こちらの記事で紹介しているサンプルコードはそれ以降の動作を保証いたしません。もし代替案をサジェストしてくださる方がいれば、こちらのリポジトリに issue 登録、または pull request をお待ちしております。何らかの方法で対応できた場合はこの記事も更新します。
そろそろ梅雨明けですが・・
そろそろ今年も、ほぼ全ての地域が梅雨明けしそうな頃合い1ですが、いかがお過ごしでしょうか?
先日、Twitter でこちらの投稿を見かけまして、確かにこれは便利な Slack 連携だと思いました。

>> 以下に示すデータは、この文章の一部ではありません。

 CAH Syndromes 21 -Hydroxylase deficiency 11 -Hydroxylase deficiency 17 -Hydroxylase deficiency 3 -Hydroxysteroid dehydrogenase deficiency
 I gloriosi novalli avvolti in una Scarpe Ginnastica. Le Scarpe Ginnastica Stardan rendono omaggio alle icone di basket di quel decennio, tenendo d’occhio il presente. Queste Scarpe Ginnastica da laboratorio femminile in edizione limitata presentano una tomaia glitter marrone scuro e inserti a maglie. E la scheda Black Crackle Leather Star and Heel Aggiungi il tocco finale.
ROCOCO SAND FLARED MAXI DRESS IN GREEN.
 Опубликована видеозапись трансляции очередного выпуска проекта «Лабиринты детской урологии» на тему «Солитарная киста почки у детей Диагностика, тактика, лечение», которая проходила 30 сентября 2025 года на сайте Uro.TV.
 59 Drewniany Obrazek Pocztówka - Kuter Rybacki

東京アメッシュをSlackに流す的なのがうらやましかった。
— しゃある🐰 (@sharlm) July 19, 2019
たまたま雨が降ってきたので見てたら「ん?これは?」となったので昼休みに実装してみた。できたー! pic.twitter.com/eU1A26zSfS
「東京アメッシュをSlackに流す的なのがうらやましかった」と書かれているので、すでにそのような Slack アプリをつくって普段から利用されている方がいらっしゃるのでしょう。素晴らしい Slack API の活用例ですね!
試しにつくってみた
アニメーション GIF になるバージョンをつくってみました。雨雲レーダーってこれから雨が降りそうかを正確に判断できるだけでなく、ずっと見ていられる感じもあって、眺めているのも楽しかったりしますよね
スラッシュコマンドからのリクエストの処理には Slack が最近公開した Bolt ⚡️ という新しいフレームワークを利用して実装しています。Bolt については、以下の日本語の情報をご覧ください。

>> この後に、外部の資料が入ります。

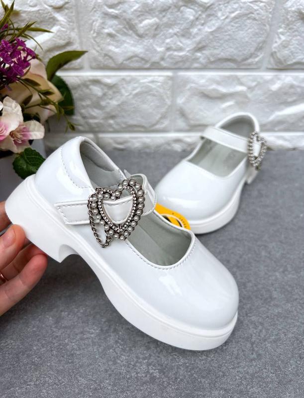 К.1363 👧Стильные белые туфельки Clibee, верх лакированная эко-кожа, стелька кожаная анатомическая, регулируются липучкой, подойдут на нормальную ты широкую ножку, украшение снимается. 26р стелька 16,5см 30р стелька 19см
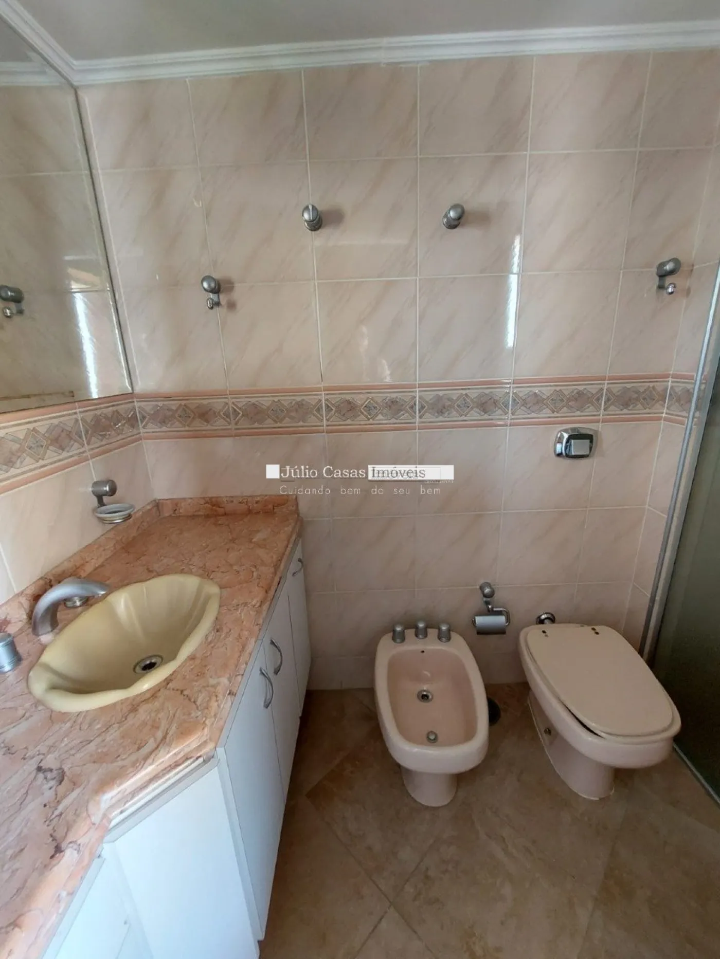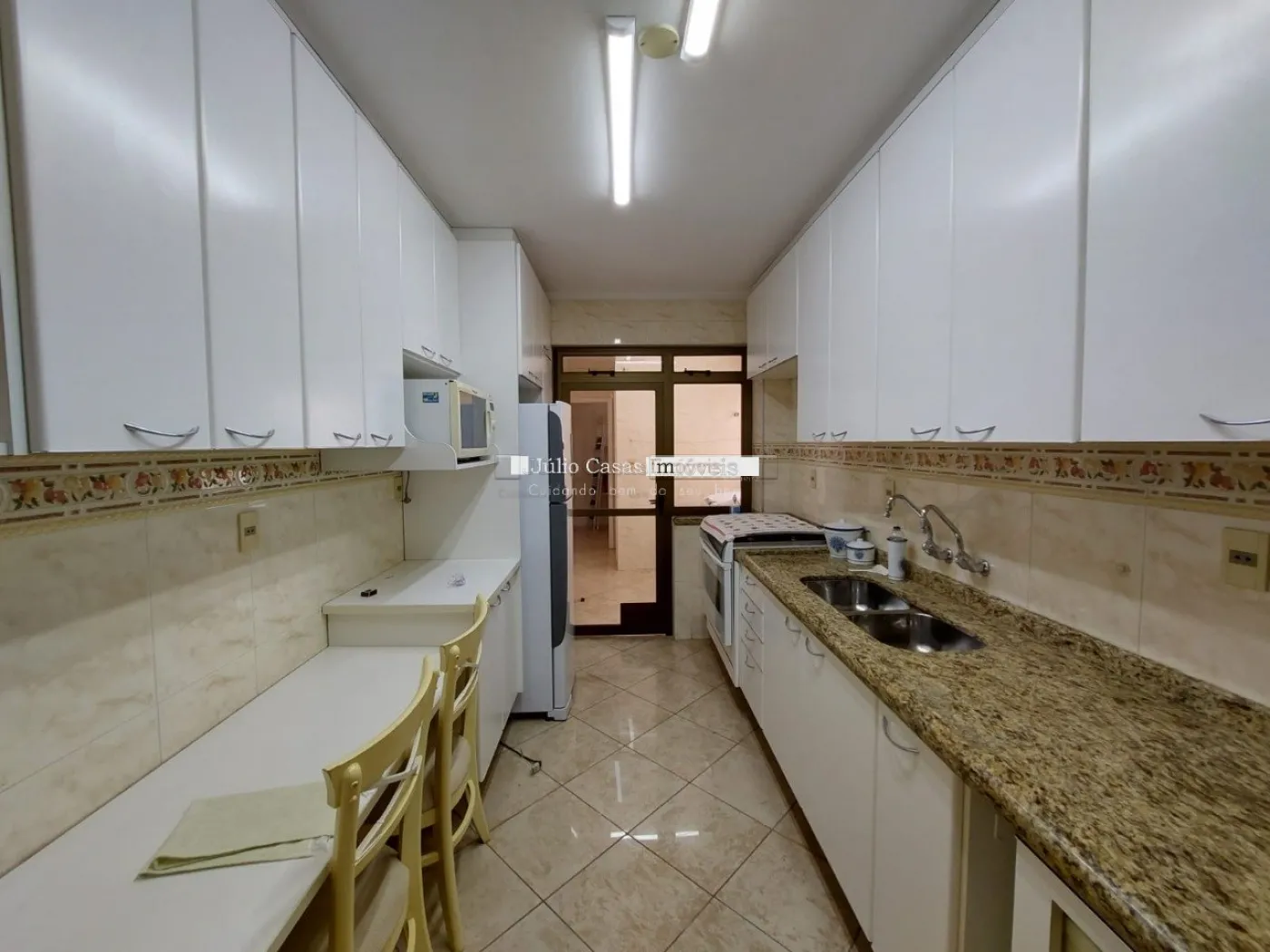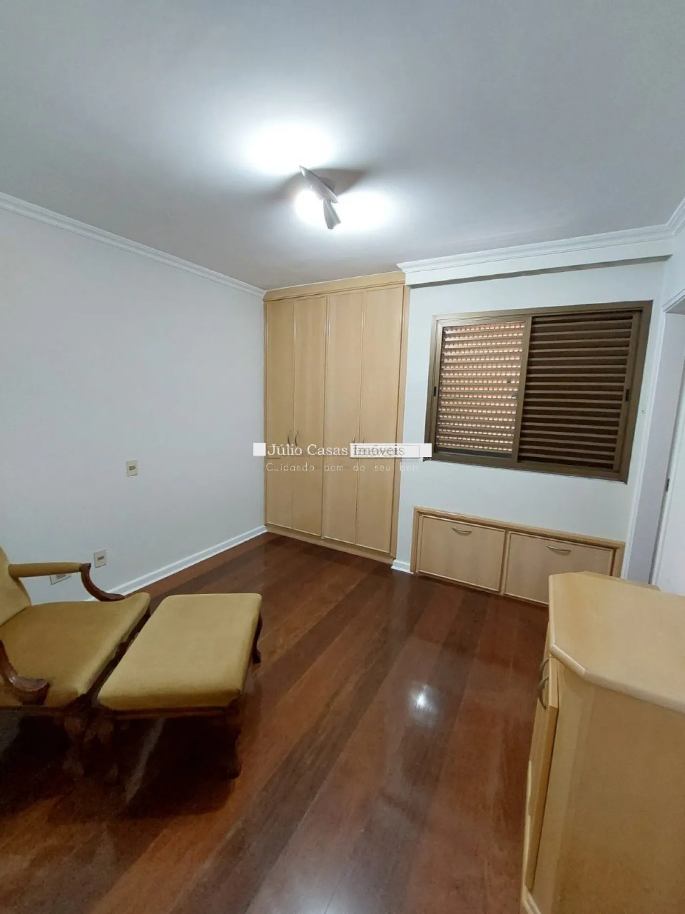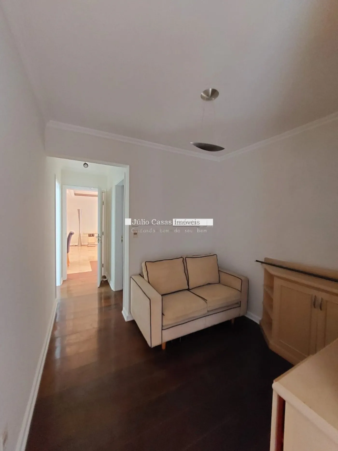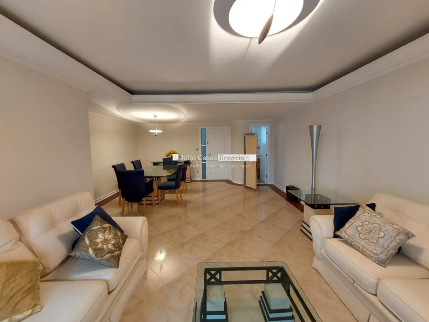 Sala 2 ambientes divididos entre jantar e estar, lavabo, sacada, escritório, cozinha com armários planejados, lavanderia com área de serviço e banheiro, quarto de despejo, 3 suítes com armários planejados e 2 vagas de garagem lado a lado cobertas.
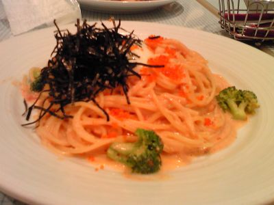 たらこクリームパスタの温泉卵のせ
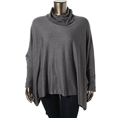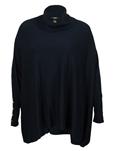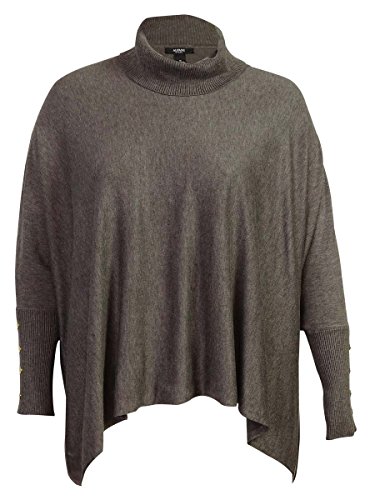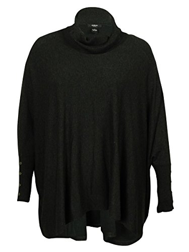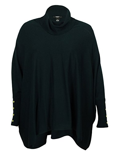 Pullover sweater features turtleneck, long sleeves with faux buttons, and ribbed cuffs.
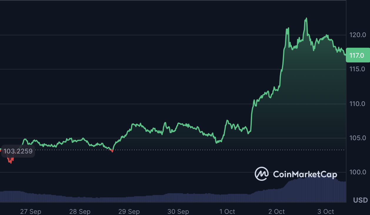 莱特币虽不常登头条,但近期重回117.06美元意义重大。尽管日内下跌0.64%,周跌幅1.15%,但月涨幅达13.18%。其作为可靠交易资产的持久声誉使其保持竞争力,尤其在ETF寻求多元化资产组合时。
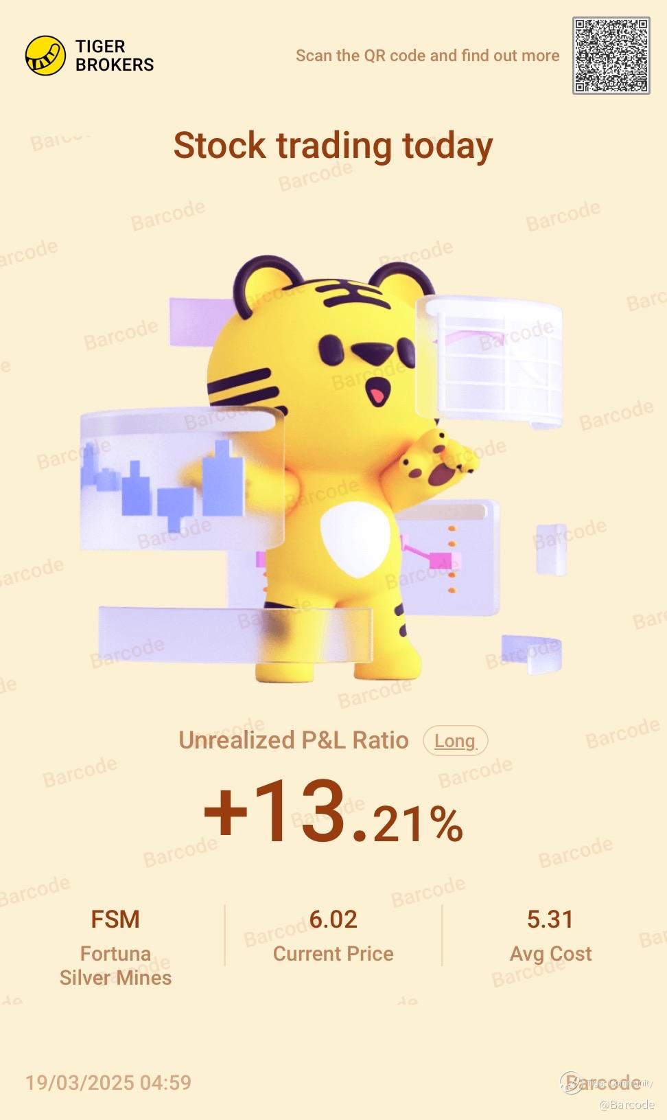 Iβm still holding FSM long, up +13.21%, with an average cost of 5.31 and a current price of 6.02.

実装したアプリは以下の GitHub リポジトリで公開しています。
git.io/amesh
という短縮 URL もつくっておいたので、他の人に教えるときはぜひそちらで!
今回対応してみた三つの機能
まず、この Slack アプリがどのように動くものなのか、完成形を見てみましょう。この Slack アプリの基本的な挙動は、スラッシュコマンドで呼び出すと Slack アプリが Yahoo! JAPAN の API から日時をスライドしながら複数枚の画像を取得して、それを一つのアニメーション GIF として応答するというものです。

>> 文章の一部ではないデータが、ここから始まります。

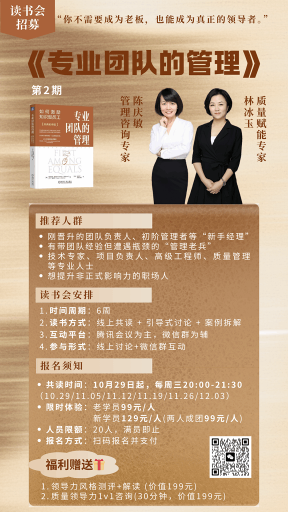 如果你也想让读书做到“学以致用”,不妨从尝试参加读书会开始。聂子和我组织的《专业团队的管理》读书会第二期正在火热招募,欢迎加入。
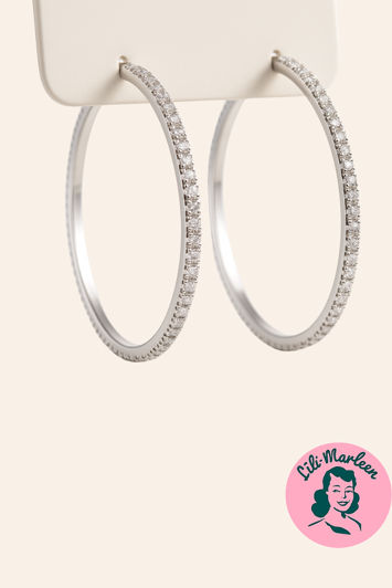 Miss Stardust er klassikeren, der altid stråler. Disse store hoops er pyntet hele vejen rundt med små glimtende sten, som fanger lyset fra alle vinkler. Med deres rene, sølvfarvede look og glitrende elegance passer de perfekt til både hverdag og fest – og til dig, der elsker at skinne uden at råbe.
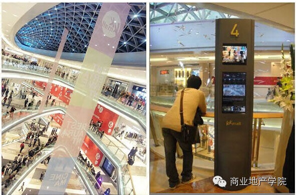 KKMALL—— 樓層導(dǎo)示采用電子覺屏設(shè)計,升降梯口配備多個LED屏,顯得時尚大斱; 頂棚采用全透光式設(shè)計,采光效果極好;燈光布置現(xiàn)代感十足。
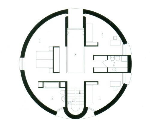La sala de estar y el estudio se ubican a un lado de la abertura y el comedor y la cocina al otro. El comedor y la sala de estar tienen acceso al mismo balcón que continúa la forma del cilindro.
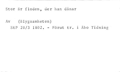 Stor är floden, der tean dånar //// Av (Blygsamheten) //// StP 20/3 1802. - Förut tr. i Abo Tidning
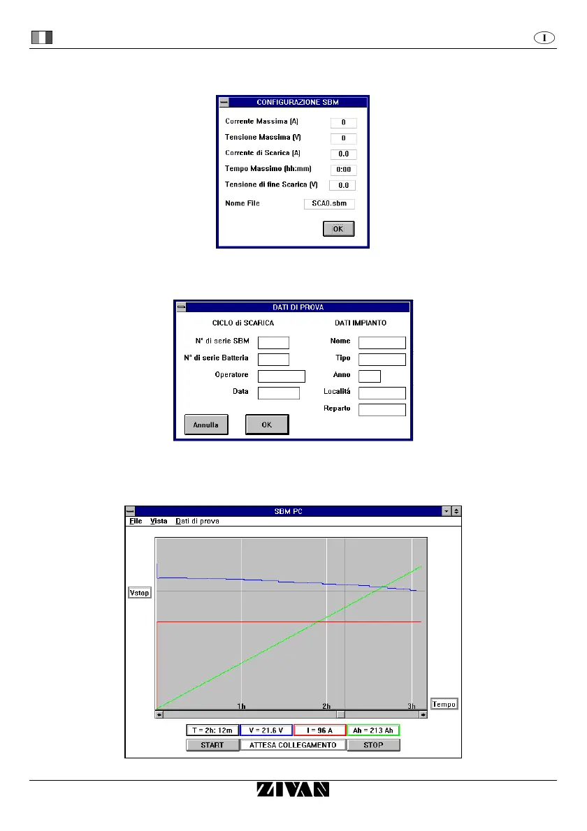 Il grafico visualizza gli andamenti di tensione (colore blu), corrente (colore rosso) e amperora (colore
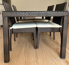 Tavolo con piano in vetro temperato 180x90 con quattro sedie complete di cuscini in polyrattan. No spedizione/ritiro in loco.

デフォルトの表示 - /amesh {prefecture}
デフィルトでは、アルファベットの都道府県名(例: tokyo, osaka, aichi)を受け取ると、今の雨雲レーダーから少し先の予測までをアニメーション GIF で表示します。引数指定なしは東京都(tokyo)で動作します。
今の状況だけを表示 - /amesh {prefecture} now
アニメーション GIF ではなく、今時点での雨雲レーダーだけを表示したい場合は now
をつけます。画像一枚だけの取得ですし、応答がはやくなります。
直近一日分を表示 - /amesh {prefecture} today
三つ目のオプションは、直近一日の雨雲の流れを見るための today
オプションです。これはこれから雨が降るかどうか知りたいというよりは、大雨の日などにどの時間帯が一番ピークだったか、後から振り返るときなどに使うとよさそうですね。
コードを変えずにカスタマイズ
私が作ったこのアプリのコードを変えることなく、カスタマイズしたい場合、以下の二点を変更することができます。
スラッシュコマンド名
デフォルトは /amesh
ですが、SLASH_COMMAND_NAME
という環境変数に別の名前を指定して Slack アプリの設定側でも同じ名前を指定すれば、変更することができます。
マップの表示モード
デフォルトは map
という設定ですが、Yahoo! JAPAN の API には以下のようなオプションがあります。変更する場合は YAHOO_JAPAN_API_MAP_MODE
という環境変数に設定してください。
-
map
- 通常の地図 -
photo
- 航空写真 -
map-b1
- 地下街 -
hd
- ハイビジョン地図 -
hybrid
- ハイブリッド地図 -
blankmap
- 白地図 -
osm
- Open Street Map
ローカルで動かしてみよう
事前に Slack アプリの設定が必要です。まだ作成していない場合は https://api.slack.com/apps にアクセスして「Create New App」ボタンから新しい Slack アプリを作ってください。
Slack アプリの設定
Slack アプリをつくったら、アプリの設定画面で以下の設定や情報の取得を行います。
スラッシュコマンドを追加する
左メニューの「Features > Slash Commands」から設定できます。
デフォルトの設定で OK なら /amesh
という名前でコマンドを追加、Request URL はデプロイ予定の URL を入力します。まだ URL が決まっていない場合はダミーで入れておいてあとで変更することもできます。
ボットユーザーを追加する
左メニューの「Features > Bot Users」から設定できます。
名前はなんでも OK です。
必要な権限(scope)を設定する
左メニューの「Features > OAuth & Permissions」から設定できます。
この手順でやっていれば、すでに commands
と bot
は付いていると思いますので、追加で files:write:user
を指定します。
アプリをワークスペースにインストールする
左メニューの「Settings > Install App」から実行できます。
インストールが終わったら、発行された「Bot User OAuth Access Token」を SLACK_BOT_TOKEN
の環境変数の値として使います。また左メニューの「Settings > Basic Information > App Credentials」の「Signing Secret」を SLACK_SIGNING_SECRET
の値として使用します。
Yahoo! デベロッパーネットワークの設定
Yahoo! デベロッパーネットワークにアクセスして、Yahoo! JAPAN の Web API を活用するアプリケーションの設定を行います。追加手順はこちらで確認することができます。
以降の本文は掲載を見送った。